In the above figure, you can see that Kubelet is testing the health status of Pod. Kubelet is a daemon on each node. Kubelet will regularly check the health information of Pod. First, take a look at an official picture.

PLEG detects the status of the running container, while kubelet detects it through a polling mechanism.

At this point, there seems to be a bit of a direction. Causing the Node node to become NotReady has something to do with the health status detection of Pod. It is precisely because the default time has been exceeded, the K8S cluster has stopped the service of the Node node.

Then why didn't you get a health report? Let's take a look at the default detection time in K8S.

On the cluster server, enter the directory: / etc/kubernetes/manifests/kube-controller-manager.yaml and check the parameters:

-node-monitor-grace-period=40s (node eviction time)-node-monitor-period=5s (polling interval)

The above two parameters indicate that kubelet detects the health status of Pod every 5 seconds. If the health status of Pod is not detected after 40 seconds, it will be set to NotReady status, and all Pod under the node will be expelled after 5 minutes.

The Pod expulsion strategy is briefly described in the official documentation, https://kubernetes.io/zh/docs/concepts/scheduling-eviction/eviction-policy/

Kubelet polling to detect the status of Pod is actually a performance-consuming operation, especially with the increase in the number of Pod containers, it is a serious consumption of performance.

A little brother on GitHub also expressed his own views on this. The original link is as follows:

Https://github.com/fabric8io/kansible/blob/master/vendor/k8s.io/kubernetes/docs/proposals/pod-lifecycle-event-generator.md

So far, we have analyzed almost, and the conclusions we have come to are as follows:

With the increase of the number of Pod, the pressure of Kubelet polling on the server is increased, and the CPU resources are tight.

Kubelet polling to check the status of Pod is bound to be affected by the network.

The physical hardware resource of Node node is limited, so it cannot hold more containers.

Due to the limitation of hardware at that time and the poor network environment, I only changed the above two parameters to extend Kubelet to poll and check the health status of Pod.
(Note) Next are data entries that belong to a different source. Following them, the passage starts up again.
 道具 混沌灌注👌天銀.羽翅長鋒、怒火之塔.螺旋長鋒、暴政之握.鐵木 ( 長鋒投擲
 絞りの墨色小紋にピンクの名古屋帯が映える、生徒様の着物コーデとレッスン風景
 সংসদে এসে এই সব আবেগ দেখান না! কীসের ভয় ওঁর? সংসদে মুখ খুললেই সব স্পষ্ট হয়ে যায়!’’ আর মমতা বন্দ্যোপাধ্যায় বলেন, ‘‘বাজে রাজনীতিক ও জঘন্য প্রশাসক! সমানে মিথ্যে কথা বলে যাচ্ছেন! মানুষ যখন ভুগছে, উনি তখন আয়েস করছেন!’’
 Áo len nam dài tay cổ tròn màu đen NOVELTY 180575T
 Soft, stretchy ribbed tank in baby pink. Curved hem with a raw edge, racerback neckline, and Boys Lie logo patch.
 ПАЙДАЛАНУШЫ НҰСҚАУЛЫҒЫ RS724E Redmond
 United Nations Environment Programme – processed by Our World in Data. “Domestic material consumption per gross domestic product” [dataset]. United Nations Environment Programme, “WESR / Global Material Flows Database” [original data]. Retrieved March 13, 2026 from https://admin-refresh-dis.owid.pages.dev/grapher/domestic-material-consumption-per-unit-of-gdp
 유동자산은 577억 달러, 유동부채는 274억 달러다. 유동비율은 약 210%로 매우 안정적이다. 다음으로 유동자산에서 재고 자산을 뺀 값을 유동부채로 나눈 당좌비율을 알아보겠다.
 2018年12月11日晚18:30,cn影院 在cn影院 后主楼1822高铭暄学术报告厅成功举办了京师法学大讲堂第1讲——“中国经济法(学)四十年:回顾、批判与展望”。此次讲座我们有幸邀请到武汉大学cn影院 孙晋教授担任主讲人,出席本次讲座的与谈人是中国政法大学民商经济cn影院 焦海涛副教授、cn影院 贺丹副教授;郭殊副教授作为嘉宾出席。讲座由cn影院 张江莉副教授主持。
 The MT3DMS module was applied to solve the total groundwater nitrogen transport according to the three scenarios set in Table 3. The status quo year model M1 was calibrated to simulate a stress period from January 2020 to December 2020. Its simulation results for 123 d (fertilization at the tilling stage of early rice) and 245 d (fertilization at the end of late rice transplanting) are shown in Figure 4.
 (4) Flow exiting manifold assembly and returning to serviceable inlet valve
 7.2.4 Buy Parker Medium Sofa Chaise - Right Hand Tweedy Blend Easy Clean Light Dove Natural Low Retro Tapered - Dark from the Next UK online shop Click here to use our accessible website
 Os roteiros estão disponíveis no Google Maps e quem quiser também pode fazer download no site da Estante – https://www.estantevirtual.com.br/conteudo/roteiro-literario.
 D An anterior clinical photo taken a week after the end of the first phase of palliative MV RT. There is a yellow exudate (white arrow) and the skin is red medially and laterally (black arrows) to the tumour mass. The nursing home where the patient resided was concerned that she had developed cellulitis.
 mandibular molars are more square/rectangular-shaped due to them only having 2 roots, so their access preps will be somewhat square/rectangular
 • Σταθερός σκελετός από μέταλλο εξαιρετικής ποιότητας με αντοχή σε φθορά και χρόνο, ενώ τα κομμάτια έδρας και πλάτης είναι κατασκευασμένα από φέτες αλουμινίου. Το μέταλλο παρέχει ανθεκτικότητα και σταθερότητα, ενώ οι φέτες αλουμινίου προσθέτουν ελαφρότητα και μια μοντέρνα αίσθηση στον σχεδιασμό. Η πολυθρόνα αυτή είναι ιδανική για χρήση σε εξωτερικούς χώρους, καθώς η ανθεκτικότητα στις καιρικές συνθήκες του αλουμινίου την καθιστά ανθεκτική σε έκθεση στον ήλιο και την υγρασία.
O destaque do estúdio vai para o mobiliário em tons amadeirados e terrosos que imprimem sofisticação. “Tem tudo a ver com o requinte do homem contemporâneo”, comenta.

The actual effect has indeed been improved.

/ / need to restart dockersudo systemctl restart docker// need to restart kubeletsudo systemctl restart kubelet

However, if conditions permit, it is best to optimize in terms of hardware.

Improve the physical resources of Node nodes

Optimize K8S network environment

Six, K8S common commands

Finally, share some commonly used K8S commands

1. Query all pod (namespaces)

Kubectl get pods-n

2. Query all node nodes

Kubectl get nodes

3. View pod details and logs

Kubectl describe pod-n

Kubectl logs-f-n

4. View the pod-yaml file

Kubectl get pod-n-o yaml

5. Query pod through tags

Kubectl get pod-l app=-n

6. Query a specific piece of information in pod

Kubectl-n get pods | grep | awk'{print $3}'

7, delete pod (or through the tag-l app=)

Kubectl delete pod-n

8, delete deployment

Kubectl delete deployment-n

9. Force deletion of pod

Kubectl delete pod-n-- force-- grace-period=0

10, enter the pod container

Kubectl exec-it-n-- sh

11. Tag node.

Kubectl label node app=label

12, view a node tag

Kubectl get node-l ""

13, view all node tags

Kubectl get node-show-labels=true

After reading the above, do you have any further understanding of how the K8S online cluster troubleshoots the NotReady abnormal state of Node nodes? If you want to know more knowledge or related content, please follow the industry information channel, thank you for your support.

Welcome to subscribe "Shulou Technology Information " to get latest news, interesting things and hot topics in the IT industry, and controls the hottest and latest Internet news, technology news and IT industry trends.

*The comments in the above article only represent the author's personal views and do not represent the views and positions of this website. If you have more insights, please feel free to contribute and share.